Jusqu'à une époque récente, le rythme utilisé était essentiellement empirique, pouvant être aussi bas que 30-40 par minute lors des premières tentatives à la fin du XIXe siècle[8]. Les premières recommandations américaines conseillaient une fréquence de 60 par minute[9].
Les recommandations européennes[10] indiquent qu'un cycle compression-relâchement doit durer 0,6 seconde (on fait donc 15 cycles en 9 secondes) ; cela représente une fréquence de 100 à 120 compressions par minute, mais les cycles de compression étant interrompus par des insufflations, il n'y a en fait que 75 à 80 compressions thoraciques en une minute. Les recommandations américaines de 2010 parlent d'une fréquence d'au moins 100 par minute sans fixer de limites hautes[11].
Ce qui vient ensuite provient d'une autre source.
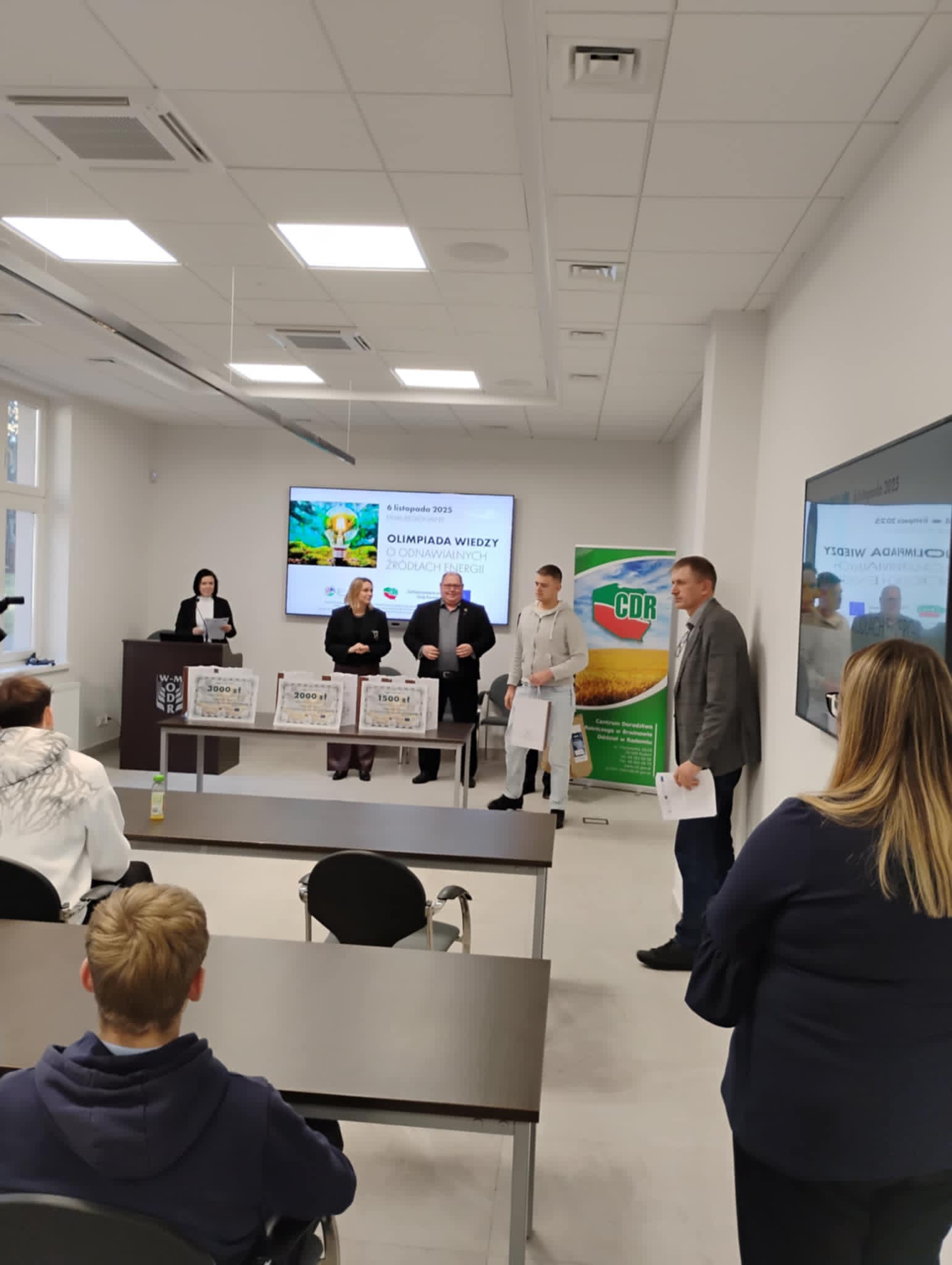 6 listopada br. w Warmińsko-Mazurskim Ośrodku Doradztwa Rolniczego w Olsztynie odbył się Regionalny Finał Olimpiady Wiedzy o Odnawialnych Źródłach Energii pn. „Olimpiada wiedzy o odnawialnych źródłach energii”. W wydarzeniu brali udział najlepsi uczniowie z naszego regionu. Wśród nich m.in.: trzech reprezentantów naszej szkoły, laureatów szkolnego etapu konkursu: Ignacy Ostojski, Wojciech Dudziński oraz Maciej Brejnak.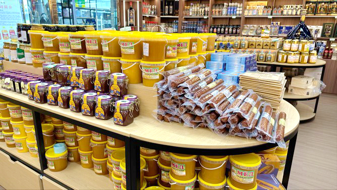 新疆塔城巴克图中哈边民互市丝路文化商品城展示销售的商品。殷悦摄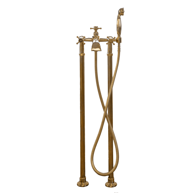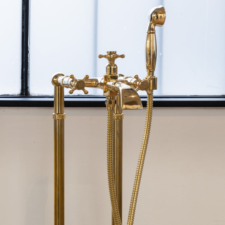 A solid brass floor-mounted bath tap completed with hand shower and diverter.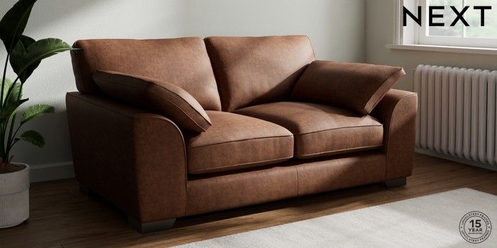 7.3.1 Buy Stamford Grand Relaxed Sit 2 Seater Sofa Monza Faux Leather Easy Clean Chestnut Brown Large Square Angle - Gunmetal from the Seasons online shop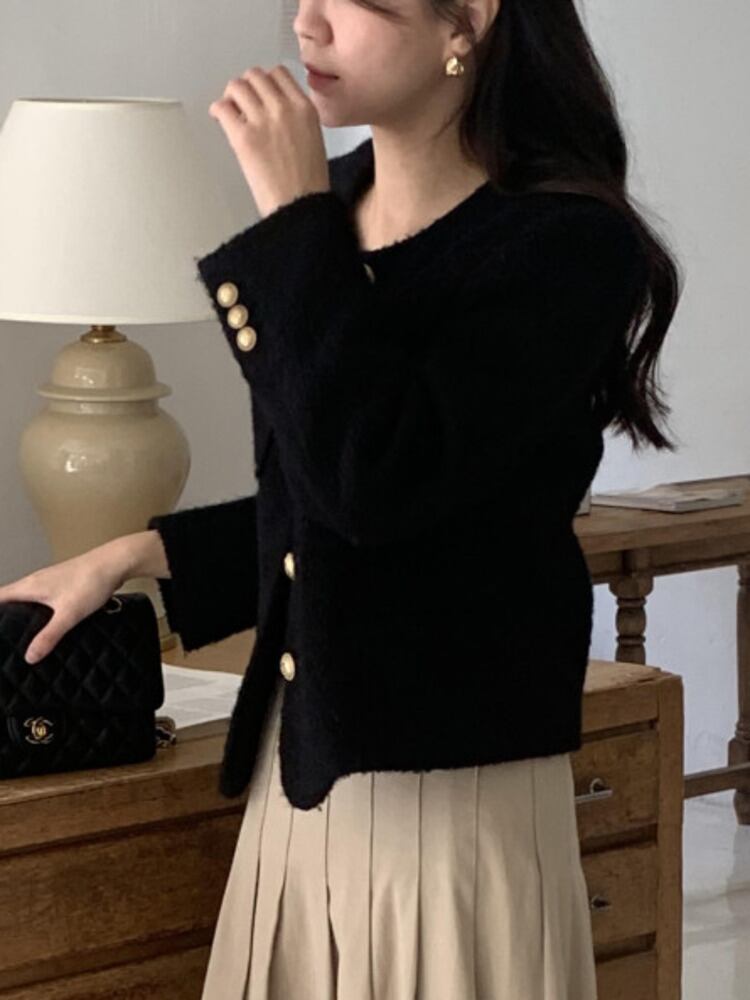 [EWQ] 甘い気質 O ネックメタルボタンマルチポケットルーズオールマッチツイードショートコートトップ秋冬 16U5922 大人ガーリー スウィート キュート カジュアル オータム 秋物 ウィンター 冬物 Oネック ポケット多め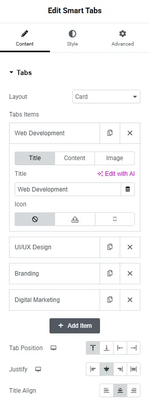Organize your content beautifully with our Icon Tabs. This smart, interactive widget lets users switch between sections effortlessly, combining sleek icons with smooth transitions for a modern, user-friendly experience.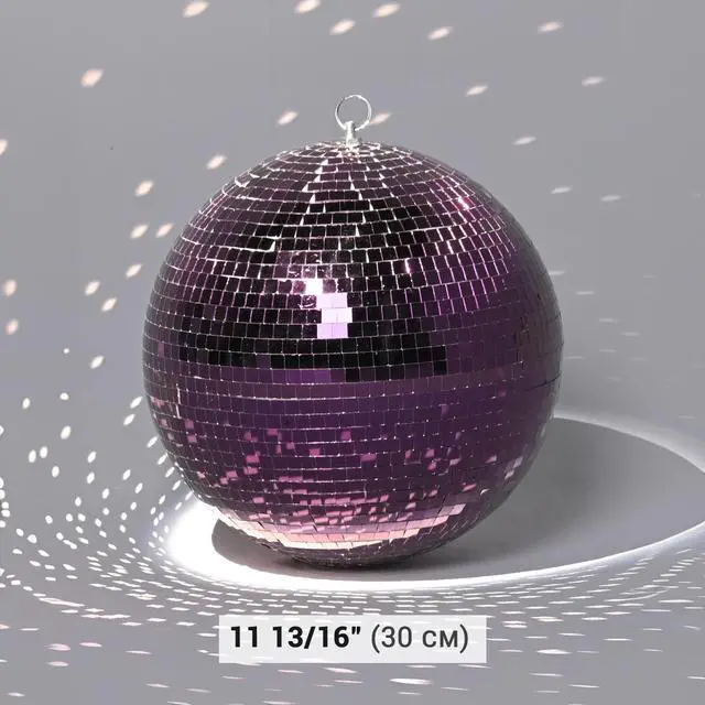 - Disco Fashion Purple - 12" Large Disco Mirror Ball covered with purple mirror tiles, casts a captivating violet-colored light, creating a magical and unforgettable atmosphere for your party or wedding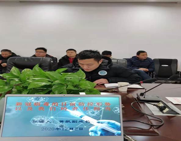 首先,由副部(处)长黄凯同志讲授学习新冠病毒的目前防控形势以及我们的责任担当,他指出,回顾整个疫情过程,我们是最猝不及防的,但我们也是幸运的,正是国难危急之时才能发挥我们党员的模范先锋作用!不论疫情如何变化,我们作为“桂子山卫士”的守护者,肩上所抗的职责使命、责任担当就应该是坚持把人民群众的生命安全和健康摆在第一位,扛起防控重大政治责任,动用一切力量把学校的安全保卫工作做好,把中央“外防输入、内防反弹”的工作要求落到实处!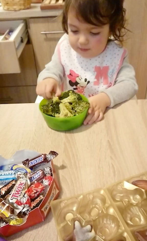 在这段由她父母拍摄的视频中,这个蹒跚学步的小女孩面前被逐一放上一瓶巧克力酱、一块巧克力、一盒贝壳形状的巧克力和一盒糖果,但马上逐一厌恶地推开它们,嘴里说着“不”。她环顾四周,好像在期待别的什么。,,她面前放了一碗西兰花,至此她终于开心起来了,脸上绽放出笑容,立即拿出一块放进嘴里并满足地吃了起来。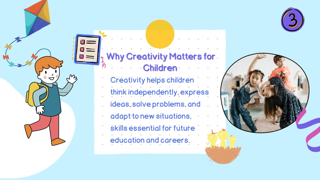 3. Why Creativity Matters for Why Creativity Matters for Children Children Creativity helps children think independently, express ideas, solve problems, and adapt to new situations, skills essential for future education and careers.
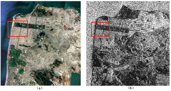 Figure 4 shows a Google Earth map obtained on 2 September 2017 and the span image of GF-3 polarimetric SAR. The area size is 2557 × 1787 pixels.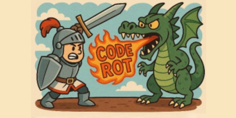 Think of code rot as code that has been stuck in time. The world around it is still moving forward with innovations, enhancements, and features. Still, the code rot is stuck in the past, not getting security updates, performance improvements, or any sort of modernization.

Cette fréquence est un des points critiques de l'efficacité circulatoire. Il existe une corrélation entre le taux de survie et la fréquence de massage[12] : chez les patients survivants, la fréquence moyenne de compression était de 90 par minute, alors que chez les patients décédés, elle était de 70 par minute seulement. La probabilité de retour à un rythme cardiaque spontané semble maximale lorsque la fréquence de compression est de 125 par minute sans toutefois que cela change le pronostic final en termes de survie[13].
Compression thoracique sur un adulte ou un enfant de plus de huit ans
Le sauveteur se place à genou à côté de la victime, au niveau de la poitrine, le plus proche du corps de celle-ci.
Il place le talon d'une main (partie restante de la paume quand nous replions les doigts sur sa main) au milieu de la poitrine nue de la victime.
Une fois la première main positionnée, la deuxième vient se placer par-dessus.
Il est important que seul le talon de la main touche la poitrine ; les doigts doivent être relevés pour éviter de comprimer les côtes.
Puis, le sauveteur se place bien verticalement au-dessus de la poitrine, les bras tendus et coudes verrouillés. Il appuie progressivement et sans à -coup avec le poids de son corps afin d'enfoncer la poitrine de 5 à 6 cm ; puis, il se redresse afin que la poitrine reprenne son volume normal. Un cycle compression-relâchement dure environ 0,6 seconde, la compression dure autant de temps que le relâchement.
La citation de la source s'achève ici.